Editorial: Mayors right to focus effort on ailing Memphis International (KMEM) Airport, Tennessee

Editorial:   The mayors are right to focus attention on Memphis International Airport, but where to focus? 

Mayors A C Wharton and Mark Luttrell rightly are aligning forces to try to keep Memphis International Airport strong. But they need to focus their efforts with one top priority in mind — keeping Pinnacle Airlines headquartered in Memphis.

Other airport-related issues will, in time, need attention from the mayors and the Memphis political and business leadership: attracting a new low-cost airline, working with FedEx to help retain its contract with the U.S. Postal Service, making sure Delta Air Lines doesn't further gut its service in Memphis.


But these important issues pale in comparison to the front-burner challenge: not letting Pinnacle Airlines relocate its headquarters from Memphis to Minneapolis, Detroit or anywhere else.

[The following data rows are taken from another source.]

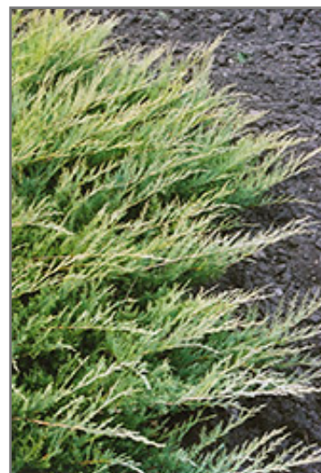
Broadmoor Juniper foliage
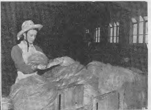
The flax is put up into "hands" ready to be baled for export to Great Britain.
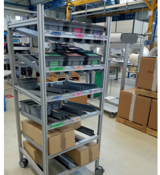
Component preparation wagon
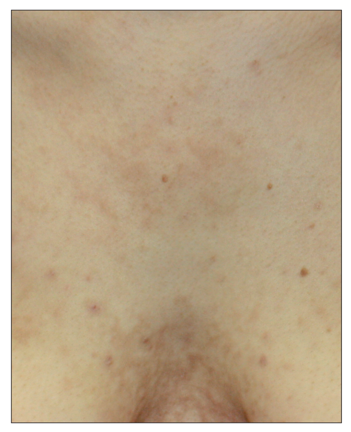
Figure 4: On the 10<sup>th</sup> day of Doxycycline 100 mg/g treatment, papules and plaques resolved to leave light hyperpigmentation.

documented 300 cases of prurigo pigmentosa (2). While it is rarely seen outside Japan, cases have been reported in other countries with increasing frequency (3,4). Baykal et al. published a series of case studies of 6 patients in 2006
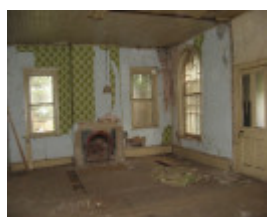
121693_former survey office_Helenslee_Heathcote_A (1).jpg
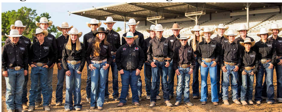
Members of the Central Montana Rodeo Club at this year's event in Lewistown.

Congratulations to the following organizations receiving grants:
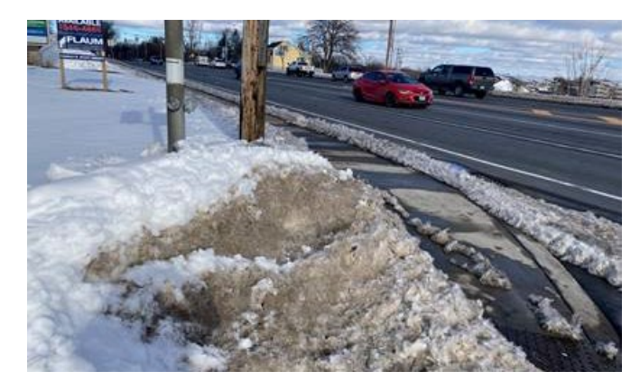
Snow block the access to the signal button and the curb ramp

Here's why this must be a priority. Pinnacle is currently in bankruptcy proceedings. As a result, it can get out of its lease in Downtown Memphis. It can renegotiate contracts with pilots and other employees. Working with Delta, it can basically do whatever the company thinks is necessary to cut costs and survive. And all those decisions will be made by October, when the company plans to come out of bankruptcy.

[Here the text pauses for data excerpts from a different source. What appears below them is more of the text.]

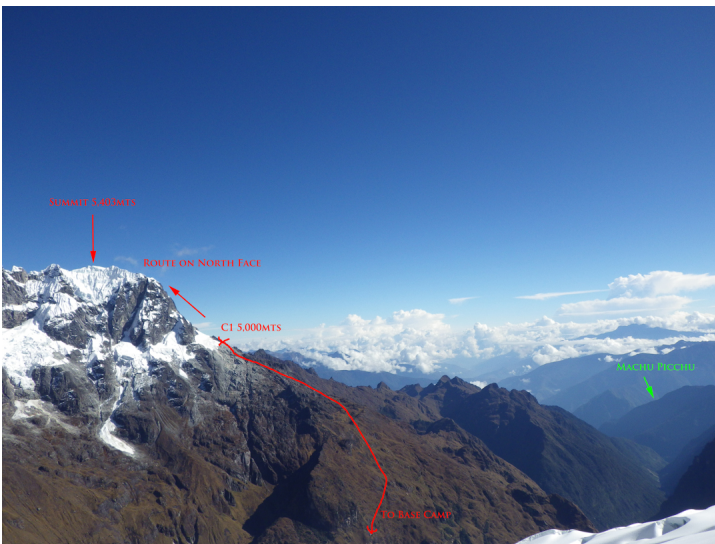
An overview of the route to the north summit of Nevados Humantay.
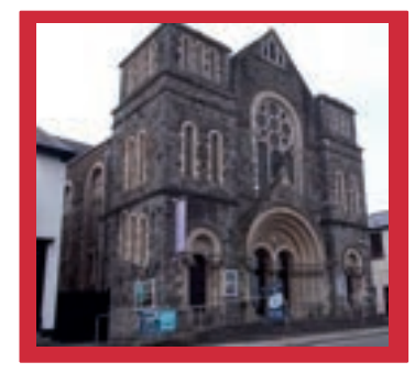
Mumbles Mumbles Road, Mumbles SA3 4EA Sunday 10.30am Wednesday (Zoom) 12.00pm
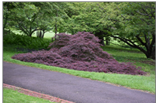
Garnet Cutleaf Japanese Maple
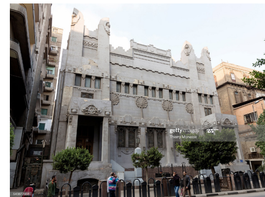
Fig. 1 - The Gate of Heaven Synagogue, Cairo. https://www.gettyimages.dk/detail/news-photo/cairo-egypt-november-29-2014-the-shaar-hashamayim-synagogue-news-photo/543877058

The main philosophy of the ancient Egyptian temple's design was to be in the form of a micro cos-
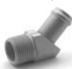
MS 24518, J 1231 ELBOW Pipe Thread & Hose, 45°
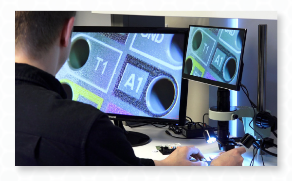
HDMI Mode (View on an HD monitor)

Gooseneck LEDs Position LEDs for optimal illumination
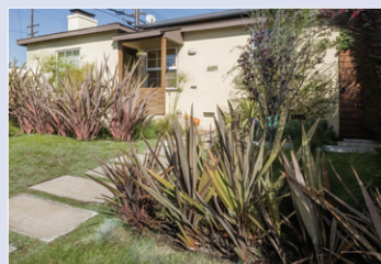
8951 Hargis St Sold Over Asking
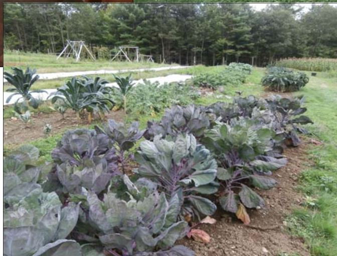
Vegetables growing last summer
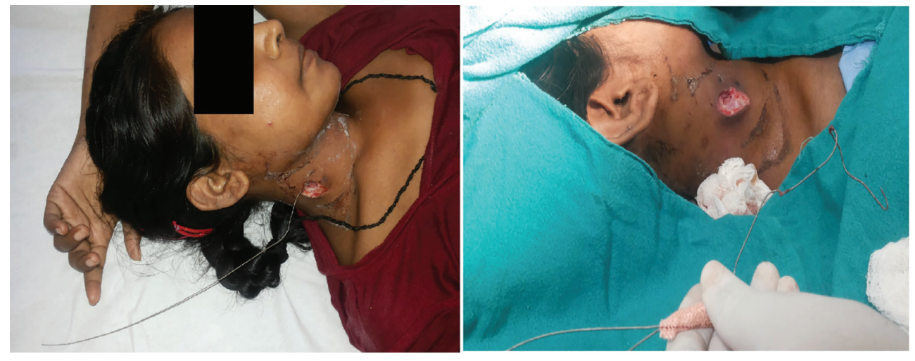
Fig. 2. Guide wire before and after extraction.
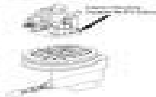
Diagram illustrating the challenges of Reinforcement Learning: The curse of dimensionality and the exploration-exploitation trade-off.

Reinforcement learning is a challenging task because the agent must learn to maximize its reward over time, despite the fact that it only receives a scalar reward signal.
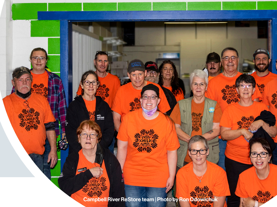
Campbell River ReStore team | Photo by Ron Odowichuk
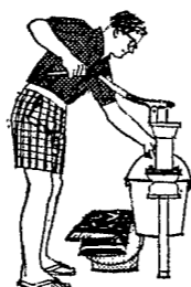
This summer Harry's renting a cottage with indoor plumbing—on what he saved at his Chevrolet dealer's

Cruise this vacation in Impala comfort with foam-cushion seats, a trunk like a small trailer and your caliber 6 or V8 whisking you along. This year's Chevrolets are the most—and right now so are the savings.
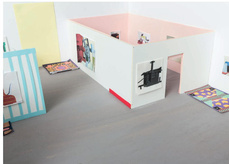
Model for the exhibition.
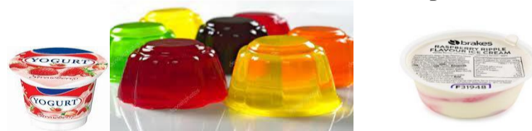
Yoghurt 32 Fruit Jelly or Ice Cream 33
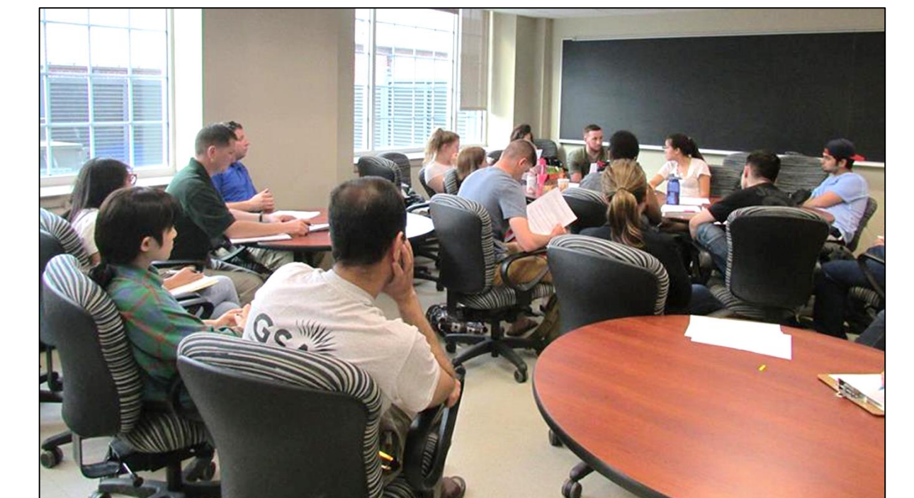
A tabletop exercise run by UD graduate students during an undergraduate level seminar.

Just days ago, Pinnacle management asked its nonunion employees to take a 6 percent pay cut, chop a week of vacation and otherwise help the company trim $76 million in costs. Only weeks ago, Minneapolis-St. Paul International Airport pitched the idea of Pinnacle pulling up stakes in Memphis and relocating its employees to the airport up there — where Pinnacle already has unoccupied office space.

A relocation would not leave a pretty picture in Memphis. Pinnacle Airlines, even after emerging from bankruptcy as a smaller company, likely will still employ 450 or more well-paid men and women in its company headquarters at One Commerce Square — the most important office building in the Downtown core.

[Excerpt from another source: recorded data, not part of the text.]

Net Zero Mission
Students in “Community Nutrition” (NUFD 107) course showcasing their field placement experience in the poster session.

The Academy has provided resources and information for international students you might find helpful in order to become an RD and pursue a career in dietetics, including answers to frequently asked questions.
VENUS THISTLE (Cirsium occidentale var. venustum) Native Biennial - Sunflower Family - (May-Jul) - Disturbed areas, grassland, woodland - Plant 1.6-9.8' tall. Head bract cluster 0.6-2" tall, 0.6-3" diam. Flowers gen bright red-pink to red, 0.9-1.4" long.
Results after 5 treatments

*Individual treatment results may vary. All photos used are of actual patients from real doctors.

Having Pinnacle headquartered in Memphis means most Pinnacle pilots come here for training and staff events — filling up hundreds of hotel rooms annually. And the headquarters here helps keep Delta at the airport, since Pinnacle is its largest regional partner.

How might the two mayors help keep Pinnacle in Memphis? Getting Gov. Bill Haslam to follow through on state incentives to keep Pinnacle in Memphis will be important. Working with the airport authority to keep Memphis the lowest-cost hub of operations will be crucial. Making sure the current headquarters are viewed as a bargain will be a factor, too.

Memphis needs to keep Pinnacle. That's job one for the mayors as they join the effort to shore up Memphis International Airport.